New York Yankees starting pitcher Masahiro Tanaka walks to the dugout during the sixth inning against the Toronto Blue Jays at Yankee Stadium on Tuesday, May 2, 2017. Credit: New York Yankees starting pitcher Masahiro Tanaka walks to the dugout during the sixth inning against the Toronto Blue Jays at Yankee Stadium on Tuesday, May 2, 2017.
It’s not that Brian Cashman completely trusts Masahiro Tanaka when the pitcher says there’s nothing wrong with him physically.
The Yankees’ general manager knows athletes aren’t always forthright when it comes to that kind of thing.
It’s just that there’s nothing telling Cashman or his staff that there’s any reason to doubt the struggling righthander.
“We’ve done ‘CSI the Bronx’ on him a number of different times where we’ve gone through the analytics comparisons to when he’s flying high vs. the current low, and there’s no indicators [of injury],” Cashman said Thursday morning at the Stadium, where he was dressed in a full Spider-Man outfit as part of the Yankees’ “A Moment of Magic” Hope Week event for children. “His splitter’s not splitting like it usually does and the command of the fastball’s off.
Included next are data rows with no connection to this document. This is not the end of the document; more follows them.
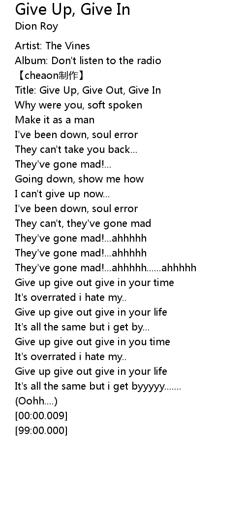 | [00:01.11] | Title: Give Up, Give Out, Give In |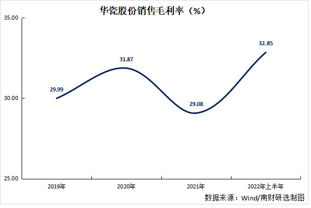 从毛利率来看,华瓷股份2019年、2020年、2021年及2022年上半年销售毛利率保持相对稳定,均在30%左右。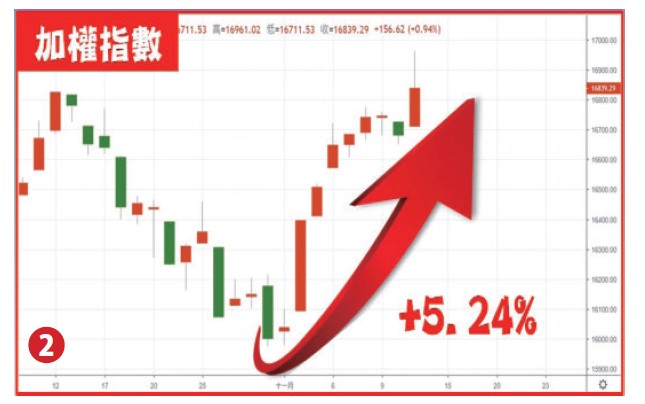 美國四大指數十一月初至11/10表現,道瓊指數上漲1230點漲幅3.72%、NASDAQ上漲946點漲幅7.37%、S&P500上漲221點漲幅5.28%、費城半導體上漲375點漲幅11.69%(詳圖一),造就科技類股漲勢驚人主因就是公債殖利率自高點滑落(以十年期公債殖利率來說由5.02%高點下跌至4.62%)。同期台股加權指數上漲838點漲幅5.24%(詳圖二),櫃買指數上漲8.65點漲幅僅4.13%,顯示本波行情係由大型權值股發動上攻,投資人可期待下波中小型股落後補漲的表現!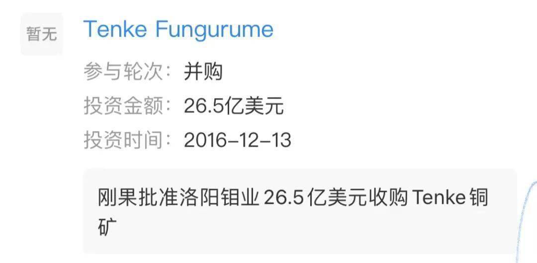 再加上也就洛阳钼业是带着诚意来的,出价又是最高的,于是交易迅速就达成了。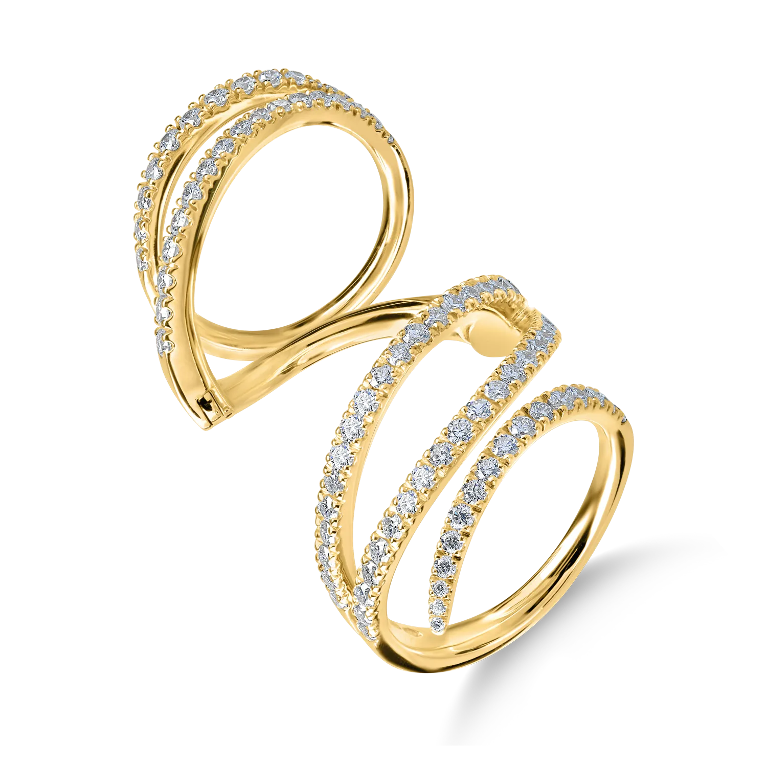 Feminitatea capata noi forme de expresie. Originalitatea si rafinamentul se intalnesc in acest inel din aur galben cu diamante microsetting de 1.5ct creat pentru a-ti accentua farmecul personal. Colectiile TEILOR impresioneaza intotdeauna prin echilibrul dintre simplu si complex, clasic si contemporan.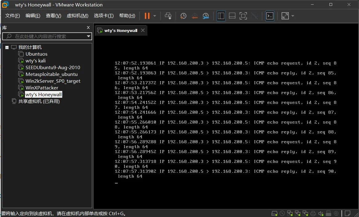 在蜜网网关虚拟机中能够看到监听Kali与WinXP间的往来通讯信息,测试成功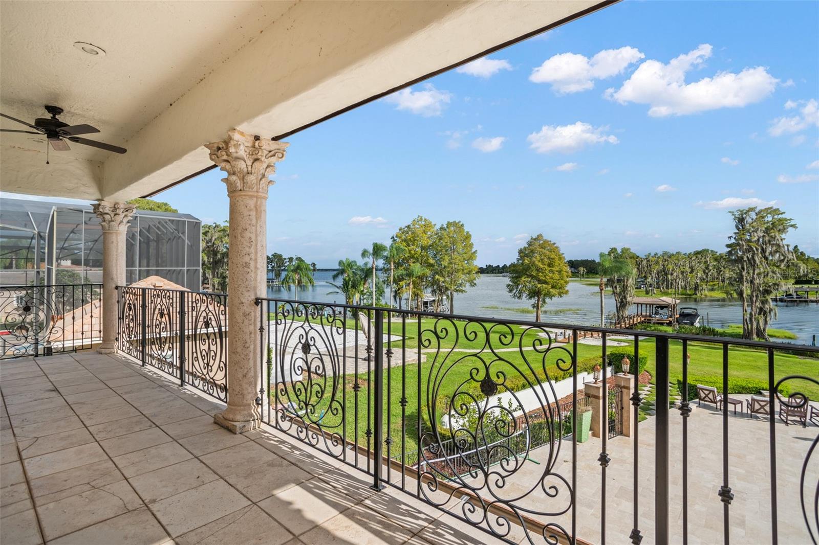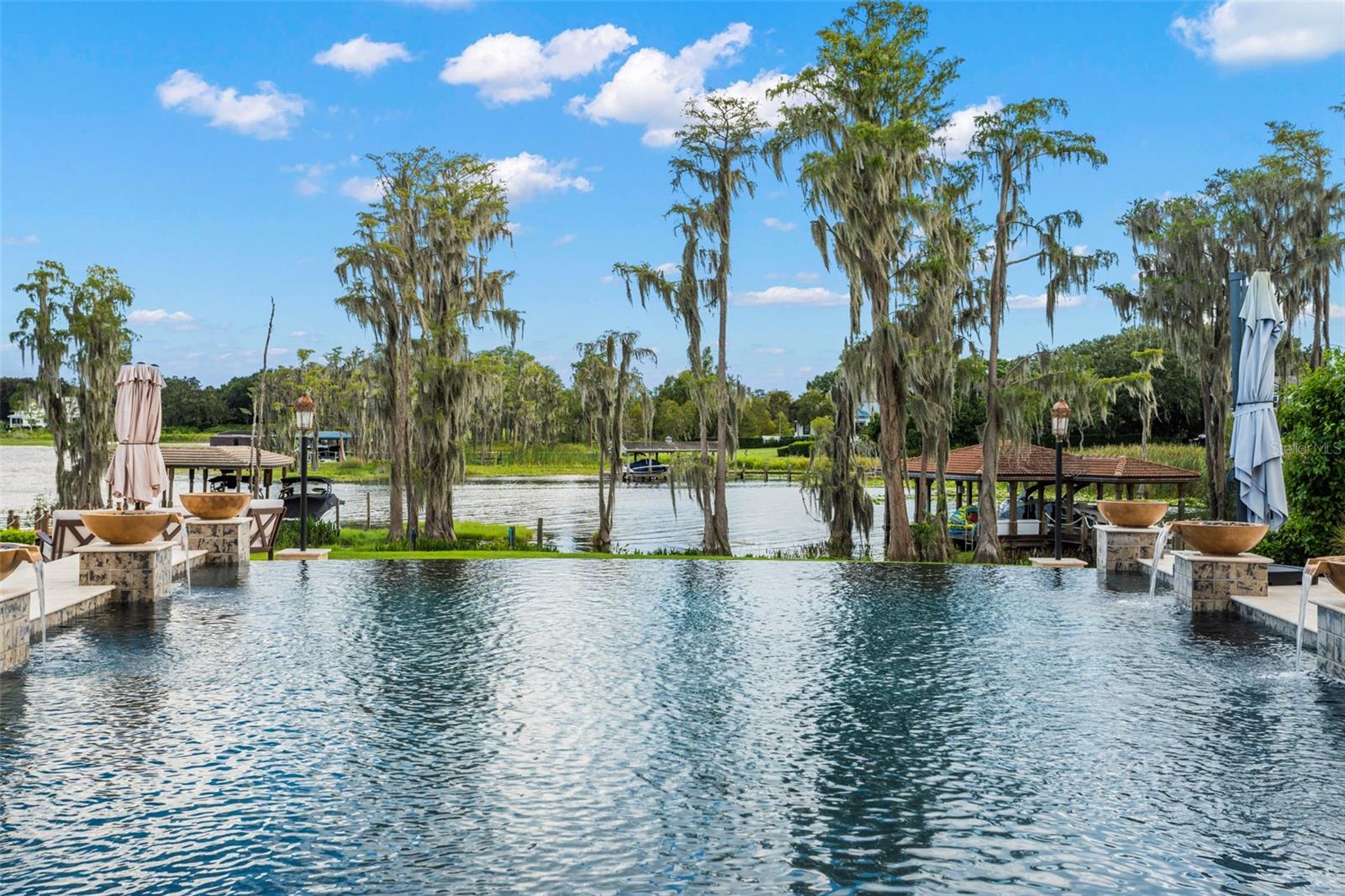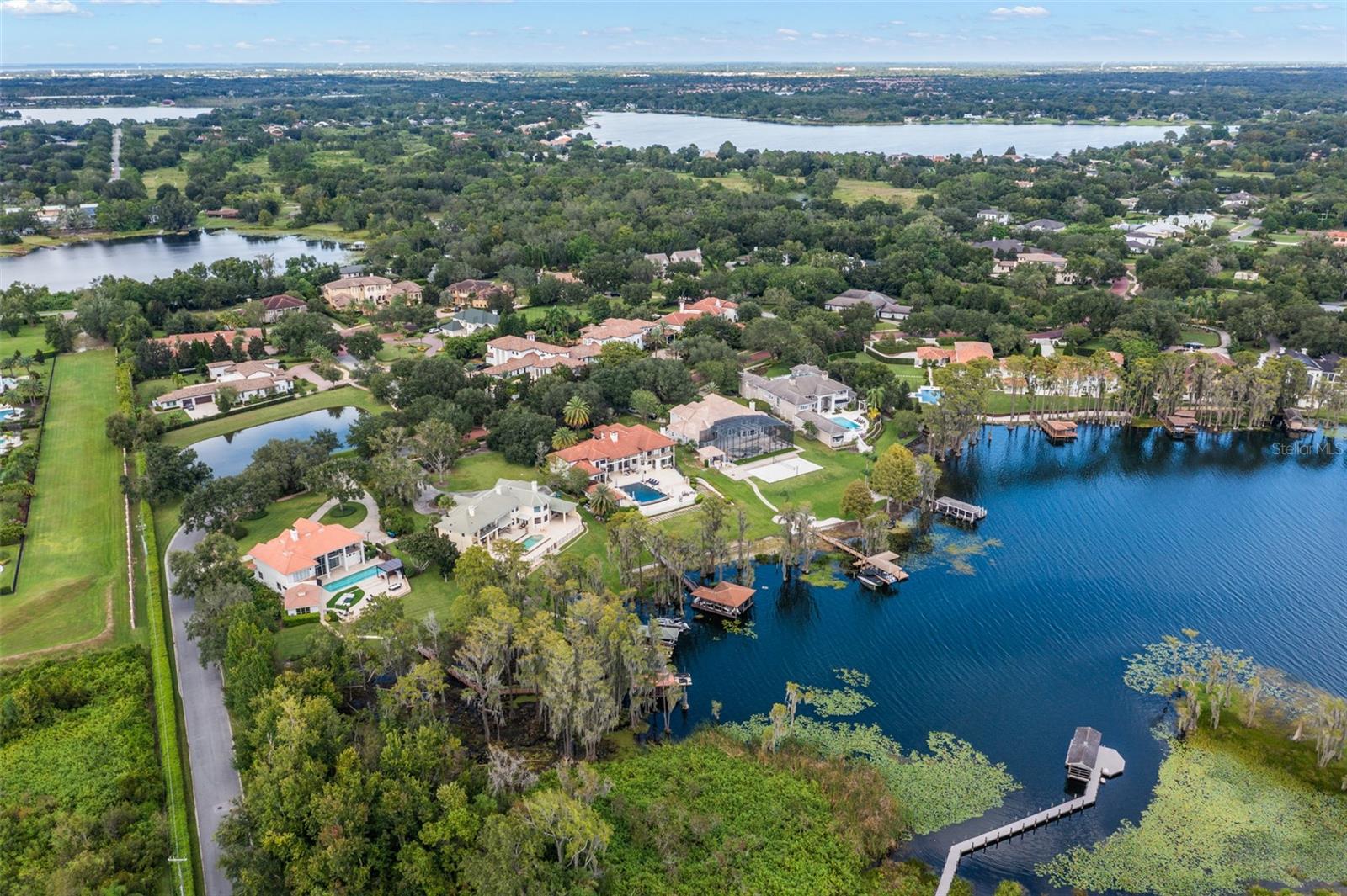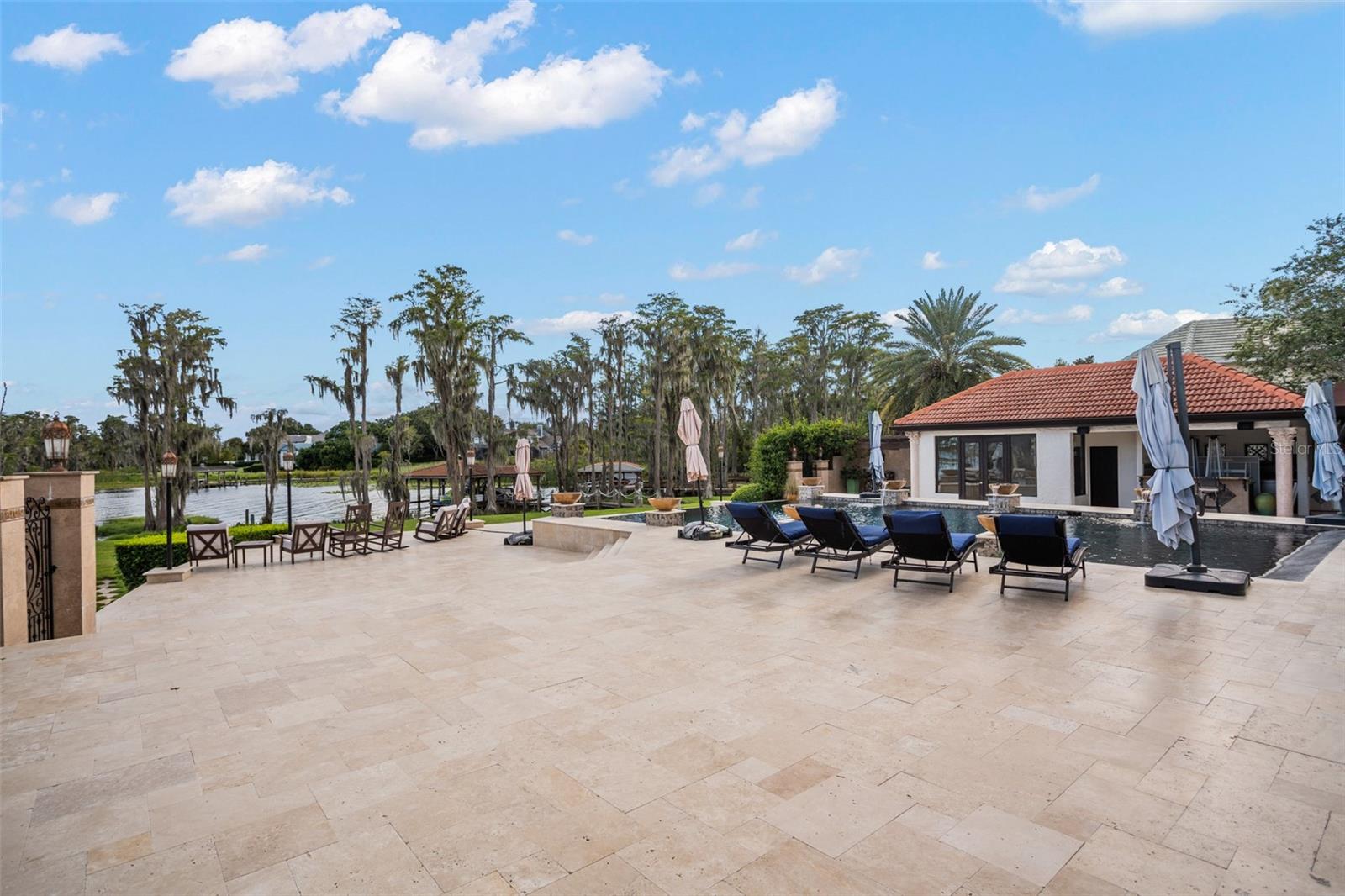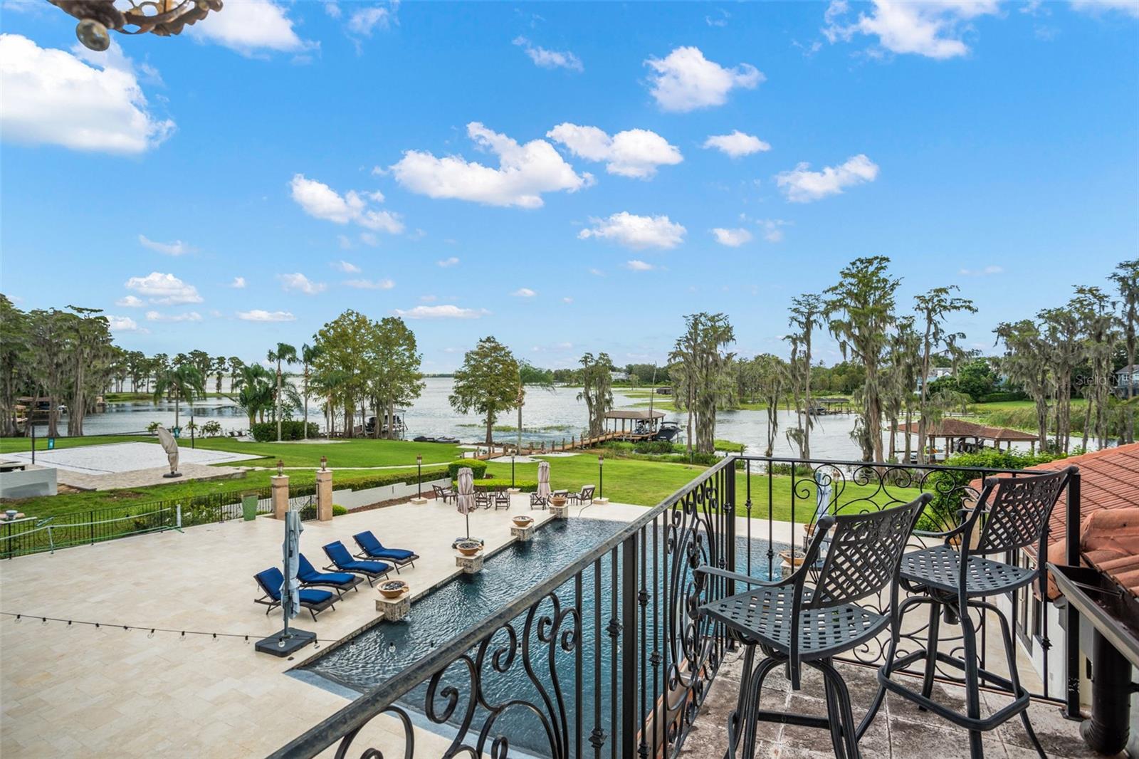Experience the epitome of sophistication at this exquisite Park Avenue estate, cradled in a peaceful cove of Lake Butler. As you step inside, harmonious blends of transitional finesse and timeless grandeur greet you, set against the poetic panorama of Windermere's lakefront, behind the private gates of Chaine du Lac. Take advantage of updates including a refreshed kitchen and state-of-the-art appliances, newer pool deck, new boat dock, ultra-efficient air conditioning units, and whole-home generator – no detail has been overlooked. The expansive family room seamlessly merges with a kitchen and cozy breakfast nook, offering serene water vistas. Dramatic living and dining rooms with soaring ceilings and double-sided fireplace deliver luxurious space for entertaining. The first-floor primary retreat offers a sumptuous escape from the ordinary with panoramic octagonal windows and elegant French doors. Alongside, discover a private den for working from home. Opposite on the main floor is a full guest suite with sauna. Upstairs is a media room and three additional bedrooms, all ensuite. Just above the master bedroom is a second staircase leading to a game room, offering a full bar, restaurant-grade smoke filtration system, half-bath and a private balcony. An attached cabana could be a 6th bedroom or gym. Embrace resort-style living with a grand canopy-covered summer kitchen. Bask in mesmerizing sunsets, enjoy Orlando's iconic attractions, and be enchanted by nightly Disney fireworks. Unwind under an Italian-inspired pergola adorned with hanging vines, a cozy loveseat swing, and a warm fireplace. A dual-berth boat dock and pristine beachfront beckon, while a spacious 4-car garage add to the estate's unmatched amenities. This property and its commanding views stand as a true testament to the best of Windermere lakefront living.

But in terms of velocity, even swings and misses in the zone, a lot of the background statistics that we study to try and measure certain things, none of them are of any alarming natures that are off.”
Tanaka, who will start Friday night against the A’s after his scheduled start Thursday afternoon was rained out, has been mostly a train wreck this season. The 28-year-old is enduring by far his worst stretch as a Yankee, toting a 5-3 record into Friday night that is misleading, given his 6.56 ERA.
Tanaka has allowed 14 runs, 16 hits (including seven homers) and four walks in 4 2⁄3 innings in his last two starts. He won the two starts before that to move to 5-1 but allowed 18 hits, including three home runs, and seven earned runs in 13 1⁄3 innings. In the start before that, however, he pitched a three-hit shutout against the Red Sox on April 27.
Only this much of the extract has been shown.